Der Bestsellerautor Marc Friedrich spricht in seinem aktuellen Video „Der größte Vermögenstransfer der Geschichte“ über viele aktuelle Kapitalmarktthemen. Vor allem geht es um die große Anfeuerung von bestimmten Assetklassen, verursacht durch die immer größeren Gelddruck-Orgien der Notenbanken.

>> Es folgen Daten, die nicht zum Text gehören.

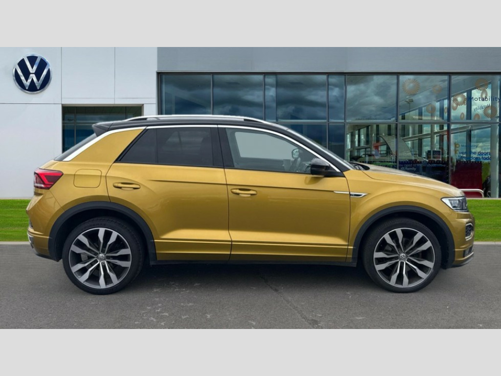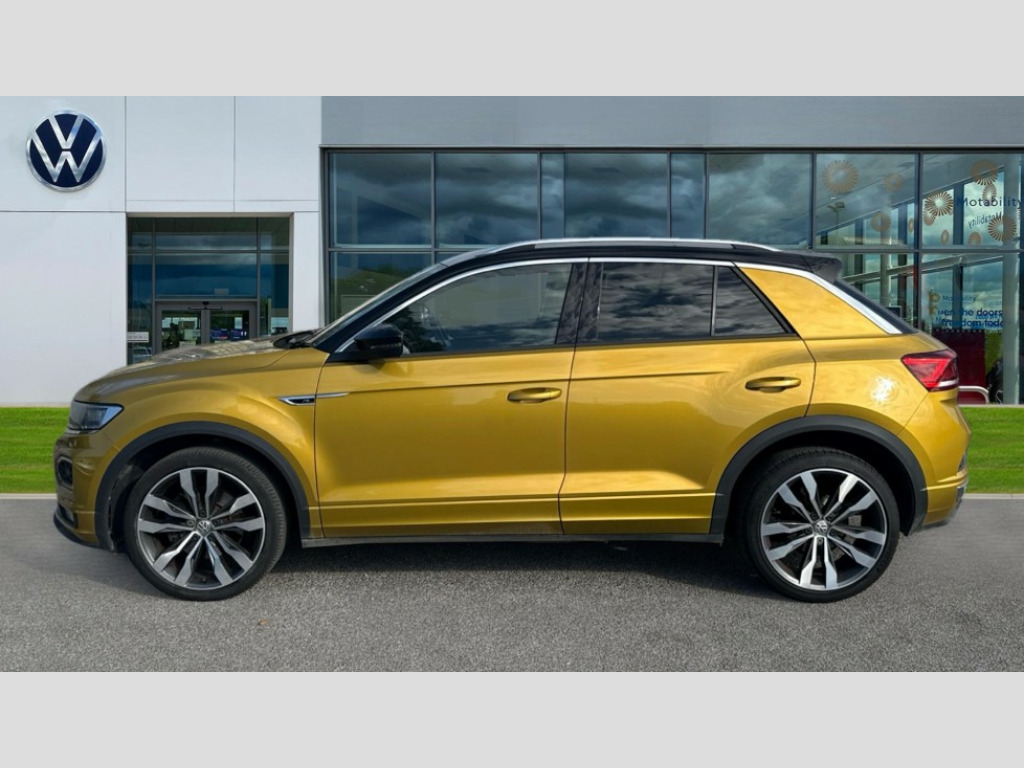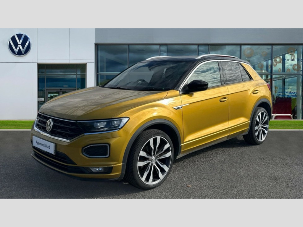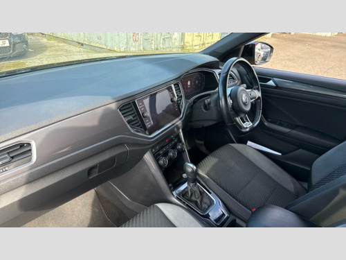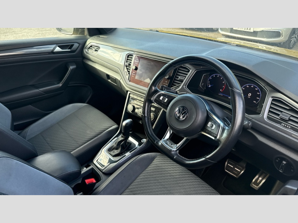 Volkswagen T-Roc 1.5 TSI EVO R-Line 5dr DSG 'Lights On' Reminder warning buzzer, 2 USB connection charging sockets, Active Info Display, 10.3" high resolution TFT dash display screen with customised information, Adaptive cruise control with front assist, radar sensor controlled distance monitoring, city emergency braking, App-Connect, Automatic start/stop system, Bluetooth telephone and audio connection for compatible devices, Car information display, Car-Net Security and Service, Discover navigation, 8" touch screen navigation/infotainment system with Car-Net, European map, CD/radio, 2D/3D map and speed limiter, Driver alert system with audible and visual fatigue detection system, Driver tips and journey analysis, Lane assist, Multifunction computer with visual gear change recommendation for fuel consumption, Service interval indicator, Think blue trainer driver tips and journey analysis, Voice activation, Warning sound and light for doors and tailgate open, Warning sound and light for front seatbelts unfastened, Battery regeneration during braking, DAB Digital radio, Dynamic navigation based on TMC+, Multi device interface (MDI) with USB connection, Music playback - MP3, WMA and AAC files, Premium USB cable in choice of either Apple or Android smartphone compatibility, SD card slot, Simultaneous pairing of 2 compatible mobile devices, SMS functionality - read, compose and send SMS messages using touch-screen display, Three route options - Fast, Short, Eco, Title and cover art display, Auto dimming interior rear view mirror, Black grained lower door protectors, Body colour door handles, Body colour rear roof spoiler, Chrome effect left and right trapezoid exhaust tailpipe fascia surround, Chrome trim on upper and lower radiator grille, Dusk sensor, Electrically foldable, adjustable and heated door mirrors with puddle lights and reverse activated kerb-view adjustment on passenger's door mirror, Front and rear electric windows, Front fog lights with static cornering function, Front windscreen wiper with intermittent wipe and 4 position delay, Fully galvanised body, Heated rear window, High level 3rd brake light, LED darkened rear light clusters, LED rear number plate lights, Manual coming/automatic leaving home lighting function, Rain sensor, Rear tinted glass from B-pillar backwards approx 65% tinted, Rear wash/wipe with intermittent wipe setting, 12V socket in centre console storage area, 2 Front and rear reading lights incorporating LED technology, 3 rear head restraints, 4 load lashing points in luggage compartment, Aluminium pedals, Ambient lighting in front footwell and light strips below trim in front doors, Black roof lining and sun visors, Branded points of interest, Carbon flag cloth upholstery, Climate control - 2 zone electronic air conditioning with automatic air recirculation and allergy filter, Drawer under drivers seat, Front and rear carpet mats with contrast stitching, Front centre armrest with storage compartment, longitudinal and height adjustable and two rear air vents, Front cupholders x 2, Front footwell illumination, Front seat back storage pockets, Front sports seats with R-Line logo on seat backrest, Glovebox, Height adjustable front seats, Height/reach adjust steering wheel, Illuminated vanity mirrors, Instrument lighting, white adjustable panel illumination, Interior light delay, Isofix easy fit child seat preparation for 2 outer rear seats, Load through provision with single cup holder when folded down, Luggage compartment cover, removable, Luggage compartment lighting, R Line badge, Split folding rear seat backrests with centre armrest, Storage compartment in left and right luggage area, Storage compartment in rear doors, Storage compartments in driver and front passenger doors, Three spoke multifunction leather trimmed steering wheel including gear knob and paddle shift with aluminium inserts contrast stitch and R Line logo, Unique R Line door sill protectors, R line styling pack - T-Roc, 3 rear three point seatbelts, ABS, Curtain airbags, Driver and front passenger safety-optimised head restraints, Drivers and front passengers airbags with passengers deactivation switch, Electronic parking brake with auto hold, Electronic stability control (ESC) includes ASR, EDL, EDTC and trailer stabilisation function, Front seat side impact airbags, Predictive pedestrian protection, Rigid safety cell with front and rear crumple zones, Three point height adjust front seatbelts + pretensioners, Tyre pressure loss indicator, Ventilated front and rear disc brakes, Volkswagen roadside assistance, Alarm with interior protection and deactivation via infotainment system, Electronic engine immobiliser, Remote central locking with 2 remote folding keys, Shadow steel decorative inserts in dash and door panel, 19" Suzuka alloy wheels with low rolling resistance tyres and anti wheel bolts, Space and weight saver spare wheel

Marc Friedrich mit 5 Investment-Ideen

Im späteren Verlauf des Videos spricht Marc Friedrich seine fünf Top-Investment-Ideen für die nächste Dekade an. Auffällig dabei ist, dass die Kategorien Aktien und Immobilien nicht dazu gehören. Eben diese Assetklassen haben die letzten Jahre massiv von der Geldschwemme der Notenbanken profitiert. Marc Friedrich präferiert Gold, Silber, Bitcoin, Minenaktien und Diamanten. Gut, es sind doch Aktien vertreten, aber nicht als Gesamtkategorie, sondern nur weil es um Firmen geht, die Rohstoffe aus dem Boden holen.

Knappe Güter bevorzugen

Marc Friedrich spricht auch ganz konkret an, warum diese Ideen nach seiner Meinung die besten Investment-Ideen der nächsten Jahre sein sollen. Sie würden andere Assetklassen in der nächsten Dekade des „Vermögenstransfers“ outperformen. Sie seien (und das ist ein wichtiger Aspekt) begrenzt durch die Natur (Edelmetalle) oder durch die Mathematik (Bitcoin). Tja, und in der Tat, andere Assets wie das Fiat-Geld auf Bankkonten kann beliebig stark vermehrt werden. Je mehr Geld, desto stärker der Verwässerungseffekt, und desto stärker womöglich in Zukunft der Vertrauensverlust der Bürger in das Finanzsystem? Und alles was in seiner Menge limitiert ist, wird immer begehrter?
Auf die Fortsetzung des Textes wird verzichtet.